Долго шёл молодой доктор по пыльным дорогам к Ростову - именно в этом направлении двигалась молчаливая толпа многочисленных беженцев, не желавших оставаться «под немцем». По пути заходил во все военкоматы, какие только встречались на пути, но только в Ростове один райвоенком осмелился призвать новоиспечённого медицинского специалиста, снабдив его обмундированием и направлением в медико-санитарное управление Красной Армии. После этого он ещё долго мыкался по запасным призывным пуктам - с июля по декабрь - пока не попал к нам.
Вскоре после прибытия Лукашенко мы поехали грузиться в эшелон на станцию Арск, ближайший райцентр, и на третий день уже были в 30 километрах от Горького, в маленьком деревянном военном городке. Сюда же прибывали формировавшиеся в других местах такие же отдельные гвардейские миномётные дивизионы под другими номерами. Отсюда, с этой перевалочной базы, доформированные здесь личным составом, дивизионы отправлялись в Москву за получением материальной части, а оттуда уже - на фронт. По своей должности я ничего ещё не делал, никаких документов не имел, да и не проявлял к этому никакого интереса, полагаясь на то, что всё в своё время встанет на свои места. Такая беспечность потом многого мне стоила, но могла бы обойтись - гораздо дороже. Последующие события принудили меня испытать свою волю и способность к действию.
Несколько дней жизни в лесной зоне, рядом с какой-то деревенькой, притупили нашу «бдительность», т. е. ощущение тревожного военного времени, грозного фронта, на котором мы вскоре должны были оказаться. И когда Лукашенко предложил в ближайшее воскресенье, не спрашиваясь у начальства, «прошвырнуться» в Горький, посмотреть город, посидеть в ресторане и вечером того же дня вернуться назад, - я колебался недолго.

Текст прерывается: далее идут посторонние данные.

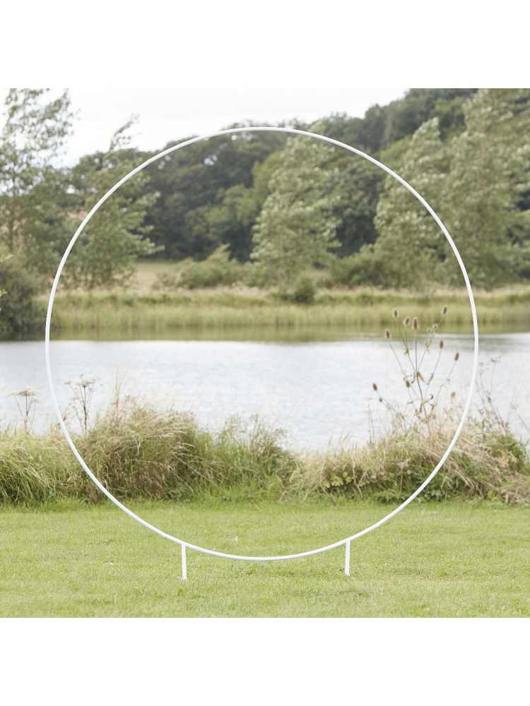 Ten biały okrągły łuk ślubny jest idealnym tłem dla ceremonii lub jako dekoracyjne tło ślubne.
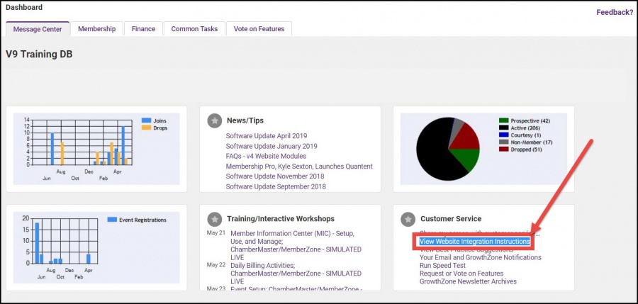 - Log into the customer’s ChamberMaster or MemberZone database and go to the Message Center tab of the Dashboard.

На попутной машине мы добрались до города довольно быстро, и около 12 часов дня уже стояли в очереди в какой-то ресторан. Пообедали скудновато: ни спиртного, ни мясного в меню не было, на второе подали морковные биточки. Потом походили по городу. Мой земляк его совсем не знал и мне льстило, что я уже раз бывал в этом большом городе, при слиянии могучих рек Волги и Оки, несколько дней жил в гостиннице, знал маршрут от самой большой площади в мире, как утверждают местные патриоты, кажется, носившей имя 1-го Мая, по главной улице Ленина до областного драматического театра. Это был август 1939 года, прекрасная летняя пора, благоухала зелень бульваров, встречавшиеся девушки казались мне красивее и сталинских, и московских цветом своих лиц и более яркими нарядами. Возможно, это было субъективное впечатление 19-летнего юноши, приехавшего с группой студентов постарше на заработки во время летних каникул. В качестве экономиста областного дорожного отдела, в глубинке - в Вачском и Фоминском районах - я должен был собрать данные о грузопотоках с целью обоснования будущих шоссейных дорог. Без стыда не могу вспомнить свою беспомощность и почти полное непонимание своей задачи, неполноту и скудость собранных мною данных. К тому же на обратном пути из Фоминок в Горький, на пристани со мной произошёл позорный случай. В буфете закусывавшие моряки предложили мне, за компанию, полный стакан водки и кружку пива. Опыт по части спиртного у меня был небольшой: на первом курсе в общежитии во время вечеринки на 7 ноября я выпил сто граммов водки, от чего потом меня тошнило и в туалете вырвало. На фоне богатой летней природы и обширной водной глади Оки этот первый неудачный опыт был забыт полностью, и я легко согласился и выпил водку и пиво, не зная коварства такого сочетания, особенно без должной закуски. Результат был для меня совершенно неожиданным и страшным: рано утром я проснулся лежащим на деревянной палубе пристани; постоянных моих «спутников» - портфеля с документами обследования и схемы грузопотоков на большом листе ватмана, свёрнутом в трубочку - не было. Пока я, оглушённый страшной догадкой, неподвижно сидел, осознавая то, что произошло, - ко мне приблизился мужчина неопределённого возраста, как оказалось, начальник пристани, остановился надо мной и произнёс краткую речь:
- Так, так, молодой человек… Вы, конечно, вряд ли помните, что с вами вчера произошло, где оставили свой портфель и чертёж… И что вы вчера сделали на пристани? Сказать?.. Вы облевали всю пристань. За вами пришлось убирать… Не умеете пить, не пейте, нельзя терять человеческий облик. Ну, пошли, получите своё имущество.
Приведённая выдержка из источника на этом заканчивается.